(Beginning of Listed records)
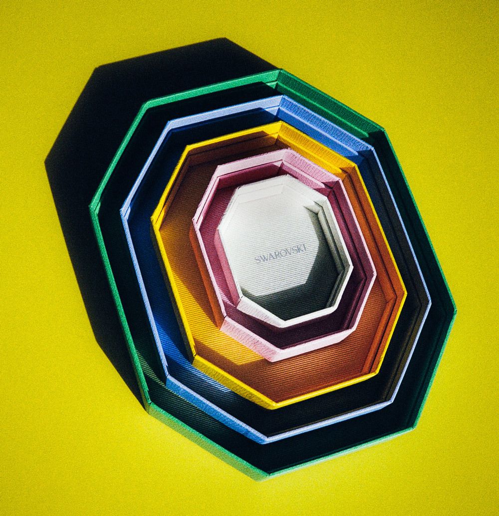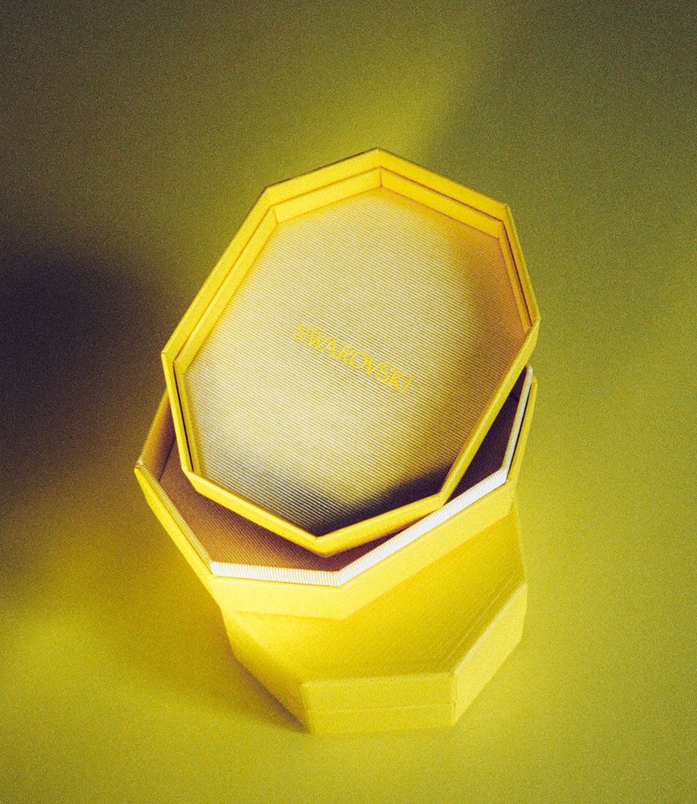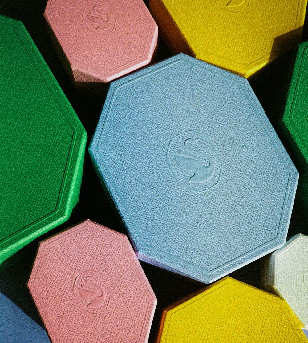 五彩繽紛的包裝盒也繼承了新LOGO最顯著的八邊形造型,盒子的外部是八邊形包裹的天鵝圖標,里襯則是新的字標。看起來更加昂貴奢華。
(End of Listed records)
(Beginning of Listed records)
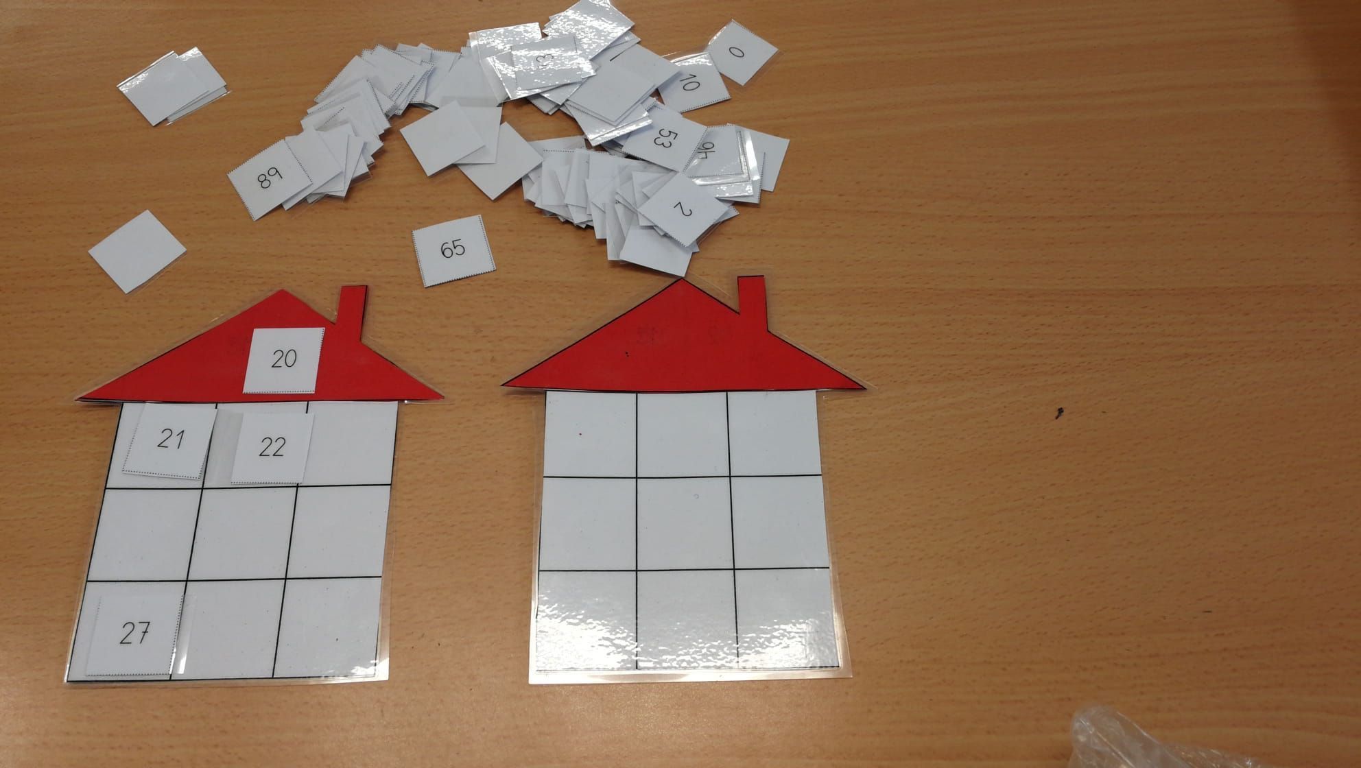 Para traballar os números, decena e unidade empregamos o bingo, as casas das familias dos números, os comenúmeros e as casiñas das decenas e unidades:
(End of Listed records)
(Beginning of Listed records)
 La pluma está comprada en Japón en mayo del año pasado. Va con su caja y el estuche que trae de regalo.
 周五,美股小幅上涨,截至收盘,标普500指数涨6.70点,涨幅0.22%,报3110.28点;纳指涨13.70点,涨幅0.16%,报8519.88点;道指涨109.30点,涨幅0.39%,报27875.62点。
(End of Listed records)
▶ [Description of the task]: For this exercise, output exactly the lines above from the line with "La pluma está" to the line with "周五,美股小幅上涨,截至收盘", counting both, and leave out the rest.

▶ [Response]:
 La pluma está comprada en Japón en mayo del año pasado. Va con su caja y el estuche que trae de regalo.
 周五,美股小幅上涨,截至收盘,标普500指数涨6.70点,涨幅0.22%,报3110.28点;纳指涨13.70点,涨幅0.16%,报8519.88点;道指涨109.30点,涨幅0.39%,报27875.62点。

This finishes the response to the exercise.